- _About this task_: Write out all of the data again, precisely as it appears.

- _Data to examine_:
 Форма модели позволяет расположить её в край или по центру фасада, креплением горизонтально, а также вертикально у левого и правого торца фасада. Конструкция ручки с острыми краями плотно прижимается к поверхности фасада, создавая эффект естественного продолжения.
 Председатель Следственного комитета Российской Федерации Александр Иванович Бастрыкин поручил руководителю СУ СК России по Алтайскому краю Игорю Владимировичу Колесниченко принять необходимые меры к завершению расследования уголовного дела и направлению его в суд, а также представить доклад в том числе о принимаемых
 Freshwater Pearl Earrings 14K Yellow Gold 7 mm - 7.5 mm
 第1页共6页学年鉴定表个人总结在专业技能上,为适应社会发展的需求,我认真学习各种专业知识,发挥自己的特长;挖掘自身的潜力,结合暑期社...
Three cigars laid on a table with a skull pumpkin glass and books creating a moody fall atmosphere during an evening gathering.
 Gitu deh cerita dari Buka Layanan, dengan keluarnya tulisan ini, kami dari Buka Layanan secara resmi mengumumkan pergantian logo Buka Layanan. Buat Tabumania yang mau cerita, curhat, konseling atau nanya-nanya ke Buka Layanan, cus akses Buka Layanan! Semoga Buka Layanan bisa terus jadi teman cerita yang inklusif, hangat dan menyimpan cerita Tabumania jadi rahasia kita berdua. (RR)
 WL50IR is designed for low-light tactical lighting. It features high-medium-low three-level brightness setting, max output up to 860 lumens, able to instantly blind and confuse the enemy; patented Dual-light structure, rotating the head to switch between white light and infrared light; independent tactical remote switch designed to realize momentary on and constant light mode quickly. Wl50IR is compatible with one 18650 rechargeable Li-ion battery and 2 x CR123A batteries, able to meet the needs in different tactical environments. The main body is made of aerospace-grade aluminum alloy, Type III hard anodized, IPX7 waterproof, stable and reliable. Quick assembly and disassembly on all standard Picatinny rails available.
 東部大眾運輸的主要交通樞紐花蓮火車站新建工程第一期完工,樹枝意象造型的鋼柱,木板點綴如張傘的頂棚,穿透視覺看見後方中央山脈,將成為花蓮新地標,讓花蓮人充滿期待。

- _Exercise result_:
 Форма модели позволяет расположить её в край или по центру фасада, креплением горизонтально, а также вертикально у левого и правого торца фасада. Конструкция ручки с острыми краями плотно прижимается к поверхности фасада, создавая эффект естественного продолжения.
 Председатель Следственного комитета Российской Федерации Александр Иванович Бастрыкин поручил руководителю СУ СК России по Алтайскому краю Игорю Владимировичу Колесниченко принять необходимые меры к завершению расследования уголовного дела и направлению его в суд, а также представить доклад в том числе о принимаемых
 Freshwater Pearl Earrings 14K Yellow Gold 7 mm - 7.5 mm
 第1页共6页学年鉴定表个人总结在专业技能上,为适应社会发展的需求,我认真学习各种专业知识,发挥自己的特长;挖掘自身的潜力,结合暑期社...
Three cigars laid on a table with a skull pumpkin glass and books creating a moody fall atmosphere during an evening gathering.
 Gitu deh cerita dari Buka Layanan, dengan keluarnya tulisan ini, kami dari Buka Layanan secara resmi mengumumkan pergantian logo Buka Layanan. Buat Tabumania yang mau cerita, curhat, konseling atau nanya-nanya ke Buka Layanan, cus akses Buka Layanan! Semoga Buka Layanan bisa terus jadi teman cerita yang inklusif, hangat dan menyimpan cerita Tabumania jadi rahasia kita berdua. (RR)
 WL50IR is designed for low-light tactical lighting. It features high-medium-low three-level brightness setting, max output up to 860 lumens, able to instantly blind and confuse the enemy; patented Dual-light structure, rotating the head to switch between white light and infrared light; independent tactical remote switch designed to realize momentary on and constant light mode quickly. Wl50IR is compatible with one 18650 rechargeable Li-ion battery and 2 x CR123A batteries, able to meet the needs in different tactical environments. The main body is made of aerospace-grade aluminum alloy, Type III hard anodized, IPX7 waterproof, stable and reliable. Quick assembly and disassembly on all standard Picatinny rails available.
 東部大眾運輸的主要交通樞紐花蓮火車站新建工程第一期完工,樹枝意象造型的鋼柱,木板點綴如張傘的頂棚,穿透視覺看見後方中央山脈,將成為花蓮新地標,讓花蓮人充滿期待。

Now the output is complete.